I don’t know about you (although I am intrigued: what’s your name? How did you hear about moststronglysupported? Do you like horchata? Have you ever been to Delhi? If you could only speak using phrases from a single song for the rest of your life, which song would you pick and why?), but I feel myself getting older. My hearing, once so reliable that I could pick up frequencies only received by radios and Rottweilers, now leaves me angling my head to put my “good ear” toward the conversation. If I jump frequently playing basketball, my knees inevitably hurt the next day. On weekends, I like to take mid-afternoon naps. I often feel compelled to yell at the damn kids to get off my lawn. I am 24 years old.
So I understand what it is to get older, and it occurs to me that we have been neglectful in discussing law school applications as they apply to people who are more than a few years removed from keg stands. For the majority of the application, there isn’t much difference if you are five or more years out of school. You still need an interesting personal statement. You still need a resume. You still need to explain away the grisly double-homicide and seven-state manhunt.
But letters of recommendation? Ay, there’s the rub.
I should begin by saying: professors are still the best people to ask for letters. If you do nothing else in your misbegotten academic career, develop relationships with your professors. Platonic, preferably, but whatever works, eh? After that disclaimer, though, understand that professors are much less necessary as letter writers when you’re five years or more out than just one. Admissions officers, by and large, understand that five or more years after graduation, few people still have deep enough relationships with professors to garner good letters. Although your academic profile is still hugely important in the metric for deciding on your application, recommendations based off your work experience become increasingly acceptable as your years of working accumulate.
So. What constitutes a good letter, if it’s not an academic letter, you ask? Fantastic question!
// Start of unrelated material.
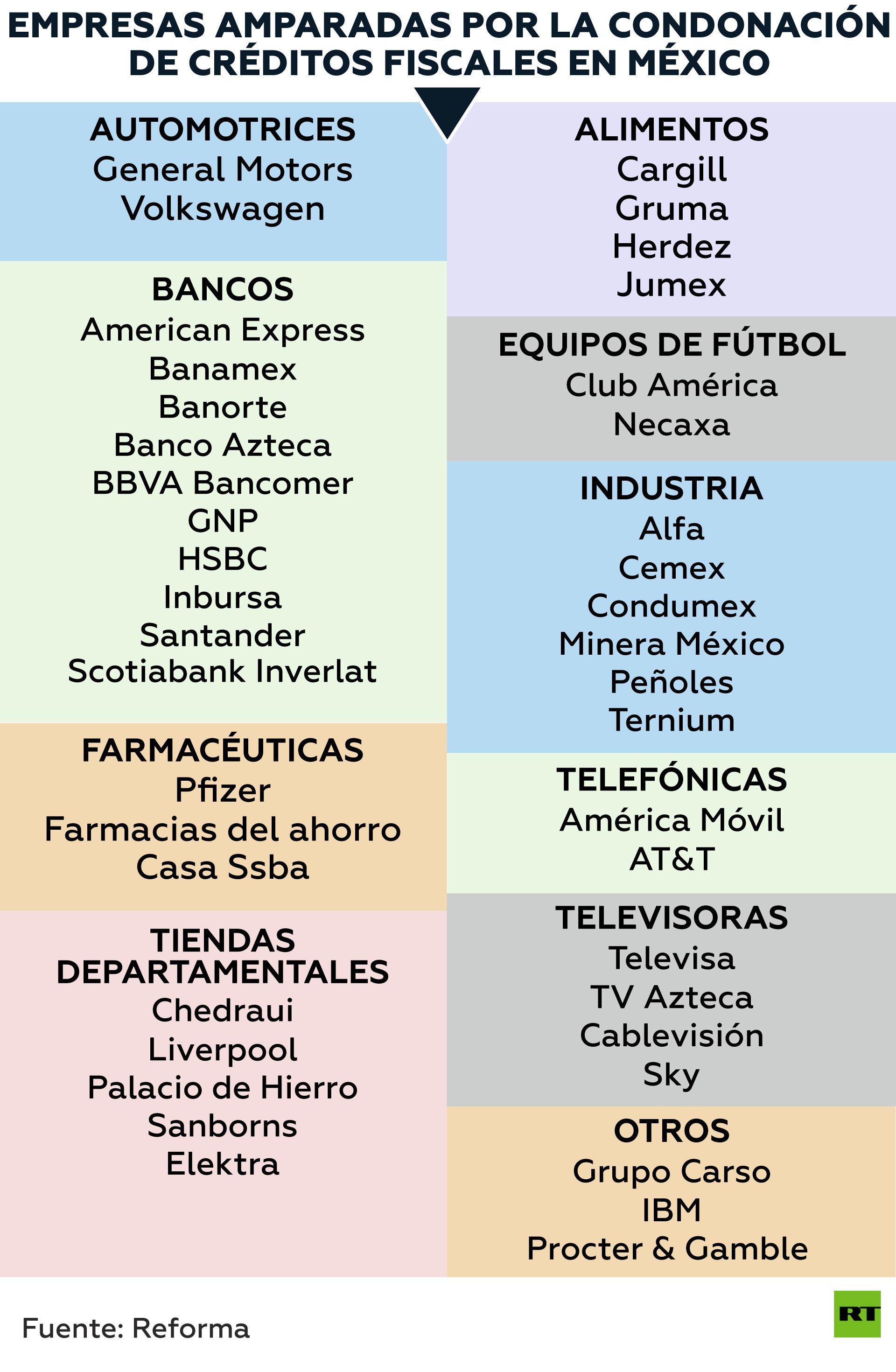 Entre las empresas amparadas para no revelar los montos de sus condonaciones figuran los principales bancos, televisoras, farmacéuticas, empresas automotrices, mineras, tiendas departamentales y hasta equipos de futbol.

Although everything in life depends on the whims of the admissions officers from each individual school (seriously: everything), generally you want letters that a) do not all talk about the same thing, b) speak to other parts of your application, c) discuss work ethic, intellect, curiosity, philanthropic endeavors, and basically everything else that would typically be discussed by professors, and d) offer sexual favors to the admissions officer in place of a salutation. Not really on d; just wanted to make sure you were reading.
Because you’re probably not going to have letters that actually reflect your academic performance, you’re going to have to do the next best thing and ask for letters that reflect the qualities and factors necessary for a good academic performance: namely work ethic, work interest, and intelligence. If you write about how you worked to stop inbreeding in Amish communities (I can insult them because hey, they don’t have the Internet!), you’ll want your supervisor at Stop Amish Inbreeding Now (SAIN) to write you a letter about how interested you were in the experience and how much effort you put into something you were so passionate about.
There is even an advantage to getting work letters as opposed to academic letters. Where your average history professor has 5 to 10 thousand people asking for a letter of recommendation for law school every semester, most of whom do not actually know the professor, you almost certainly deal with your boss every day and you’re probably the only person he or she is recommending to law school. In that environment, you will likely have much more influence on what actually gets put into the letter.
Again, it’s nice to get academic letters. But for you oldsters out there who have creaking hips and are wondering what the other side of 30 is going to look like, letters from bosses at work or supervisors at your various organizations discussing your veritably ethereal qualities will suffice.